Hürriyet yazarı Sedat Ergin, Türk Silahlı Kuvvetleri (TSK) içindeki cunta yapılanması tarafından düzenlenen darbe girişimiyle ilgili olarak "VIP uçağı personelinin durumu, bizi darbe faaliyetinin sınırları nerede başlar, nerede biter tartışmasına davet ediyor" dedi. Ergin, "Bu ekip, güne resmi bir protokol uçuşu göreviyle başlamış, akşam ise darbe faaliyetinin başlamasından sonra ortaya çıkan yeni durumda derdest edilmiş durumdaki komutanı Ankara’daki darbe merkezine götürmüştür" ifadesini kullandı.

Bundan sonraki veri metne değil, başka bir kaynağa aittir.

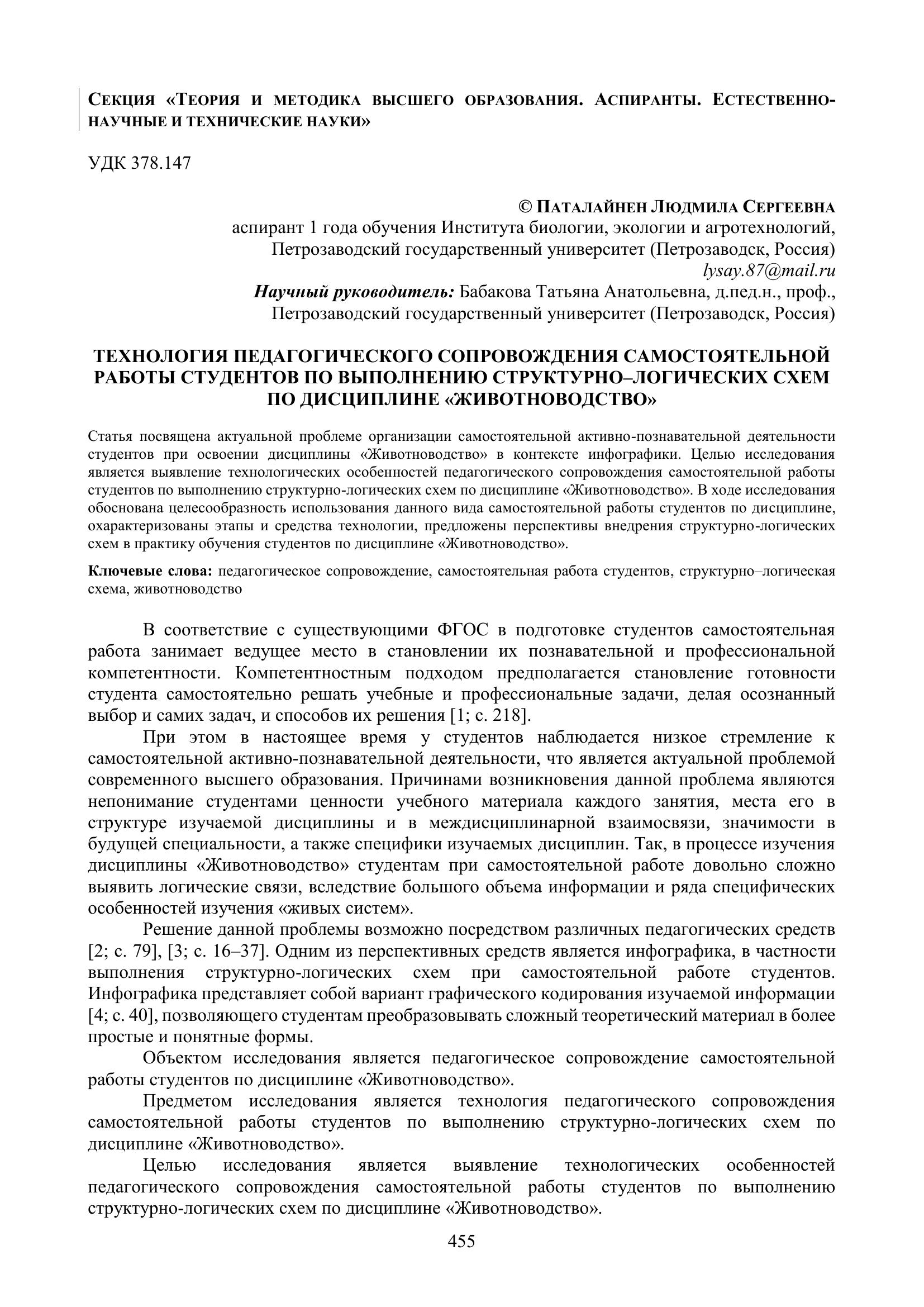 Статья посвящена актуальной проблеме организации самостоятельной активно-познавательной деятельности студентов при освоении дисциплины «Животноводство» в контексте инфографики. Целью исследования является выявление технологических особенностей педагогического сопровождения самостоятельной работы студентов по выполнению структурно-логических схем по дисциплине «Животноводство». В ходе исследования обоснована целесообразность использования данного вида самостоятельной работы студентов по дисциплине, охарактеризованы этапы и средства технологии, предложены перспективы внедрения структурно-логических схем в практику обучения студентов по дисциплине «Животноводство».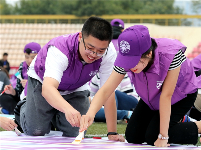 在八里台校区体育场,展开一副宽19.19米,高20.19米的巨型画布,寓意伟德victor1946从1919年到2019年走过百年峥嵘岁月。巨型画布被分为100份,分别由100个小组参与绘制,最终拼接成完整的画作,用近400平方米的画布触摸百年南开时光纹路,描摹南开新百年。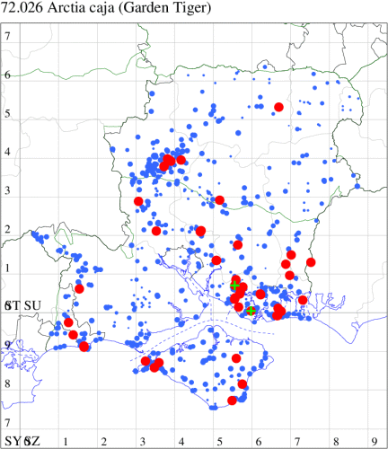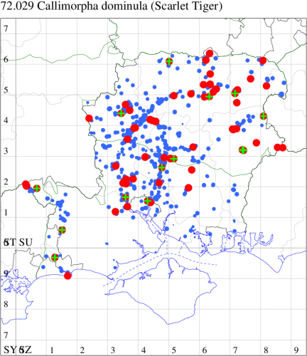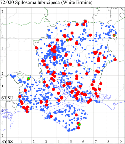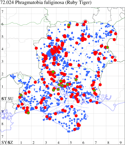 For the maps, all records prior to 2024 are shown by a blue dot (the larger the dot, the more recent), with the current year's records shown in red. As previous records are superimposed on any report for 2024, new sites have greater emphasis (i.e. will show as 'more red').

Sedat Ergin'in "VIP uçuşu nasıl darbe uçuşuna dönüşür?" başlığıyla (6 Eylül 2017) yayımlanan yazısı şöyle:
Ankara 11. Hava Ana Ulaştırma Üs Komutanlığı’na bağlı 212. Filo’nun envanterindeki Casa CN235 tipi 68 kuyruk numaralı VIP uçağının ekibi dört kişiden oluşuyordu: Pilot Üsteğmen Reşat Bora, yardımcı pilot Üsteğmen Nail Sarıaltın, uçuş-yükleme teknisyeni Kıdemli Başçavuş Faruk Yusufoğlu ve kabin astsubayı İsrafil Bedir...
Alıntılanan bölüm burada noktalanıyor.